--- Information Enclosed Below ---

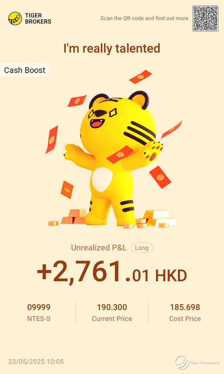$NTES-S(09999)$ ’s mobile game Justice Online just hit 20 million daily active users! Game revenue up 18% YoY in Q1,momentum’s clearly picking up. With new titles launching and consumer electronics entering peak season, the consumption sector is showing surprising strength. NTES holding steady like a champ,classic powerhouse. I'm holding tight, no shaky hands here!
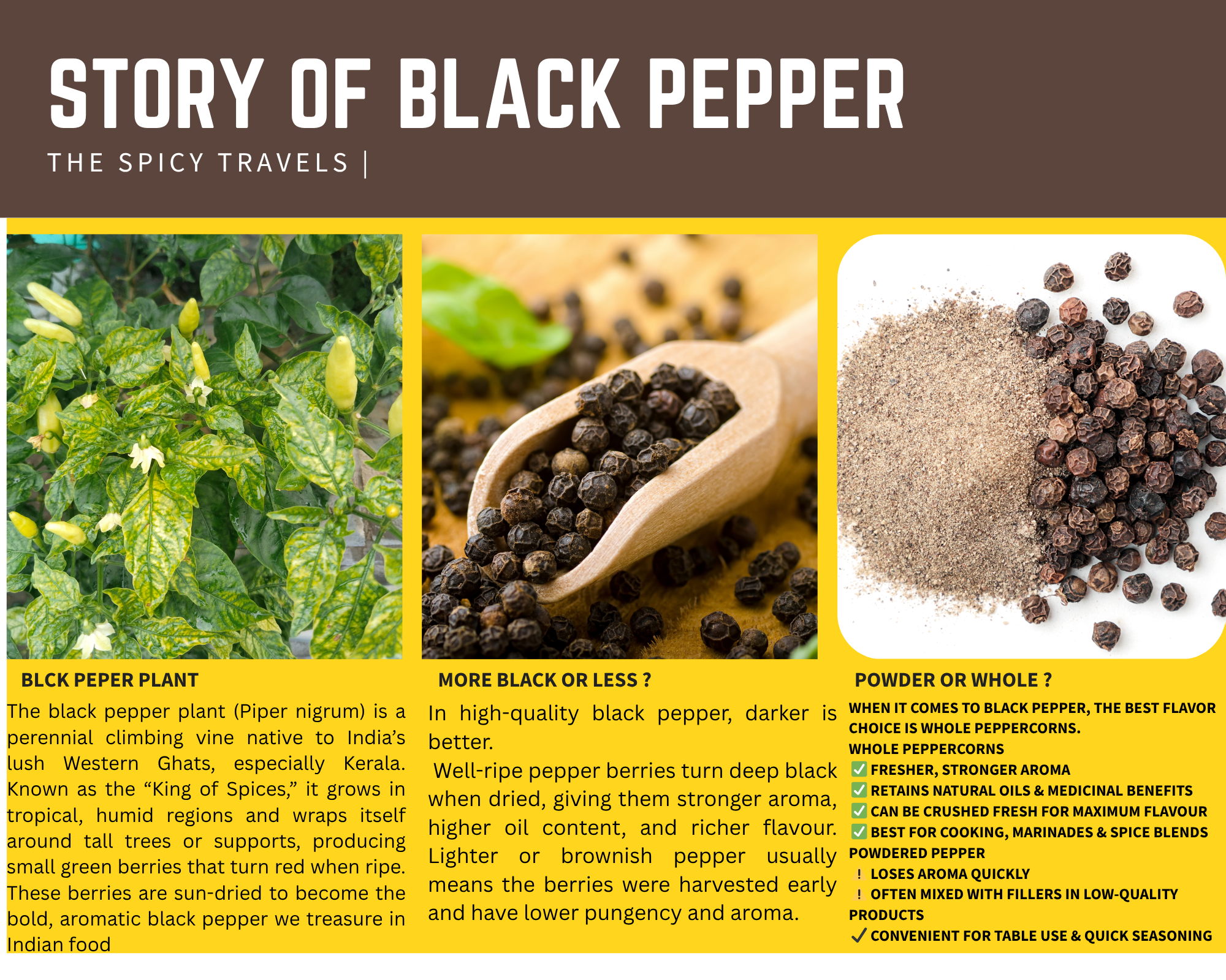 Black cardamom comes from the plant Amomum subulatum, native to the Eastern Himalayas, including regions of India, Nepal, and Bhutan. The spice is harvested from large seed pods, which are dark brown to black in color and contain small seeds. Unlike green cardamom, black cardamom has a distinctly smoky and earthy flavor due to the drying process over open flames, which enhances its aroma. In India, black cardamom is known as Badi Elaichi and is considered stronger and more pungent than green cardamom.
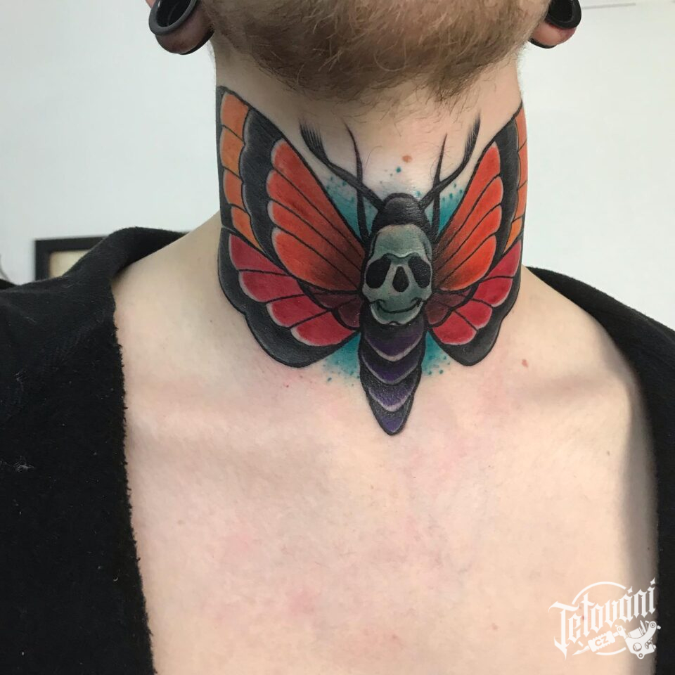Tetování můra na krku
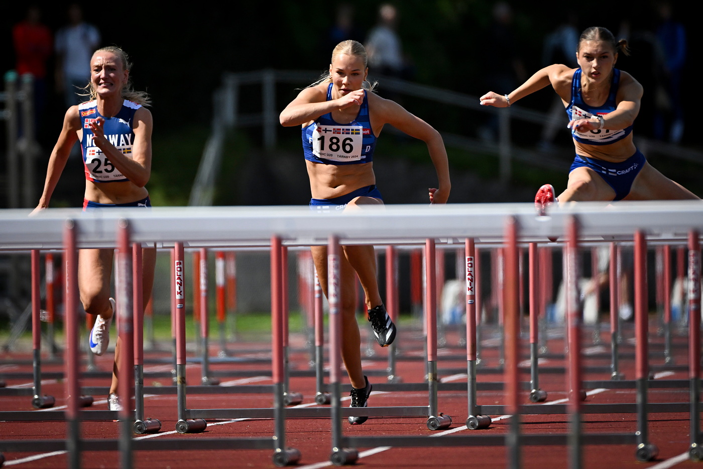 19-vuotiaiden Suomen ennätysnainen Mila Heikkonen oli naisten 100 metrin aitajuoksun paras ajalla 13,33. Norjan Selma Ims aitoi hopealle ajalla 13,60 ja Siiri Siirtola pronsille vain yhden sadasosan norjalaiselle hävinneenä. Heikkonen oli tyytyväinen uransa kolmanneksi nopeimpaan aikaan.
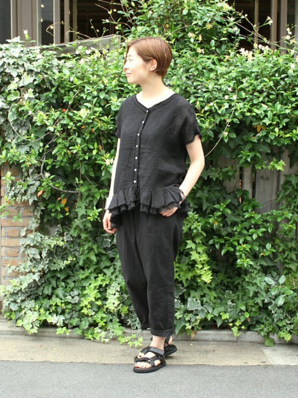 ブラックコーディネート シックにブラックでまとめた着こなし◎ 足元はラフなサンダルでまとめて。

--- End of Enclosed Information ---

* [What is being asked] Copy nothing but the lines from the start of the entries through the line with "Tetování můra na krku". Write them out exactly, without pictures.

* [Response below]
$NTES-S(09999)$ ’s mobile game Justice Online just hit 20 million daily active users! Game revenue up 18% YoY in Q1,momentum’s clearly picking up. With new titles launching and consumer electronics entering peak season, the consumption sector is showing surprising strength. NTES holding steady like a champ,classic powerhouse. I'm holding tight, no shaky hands here!
 Black cardamom comes from the plant Amomum subulatum, native to the Eastern Himalayas, including regions of India, Nepal, and Bhutan. The spice is harvested from large seed pods, which are dark brown to black in color and contain small seeds. Unlike green cardamom, black cardamom has a distinctly smoky and earthy flavor due to the drying process over open flames, which enhances its aroma. In India, black cardamom is known as Badi Elaichi and is considered stronger and more pungent than green cardamom.
Tetování můra na krku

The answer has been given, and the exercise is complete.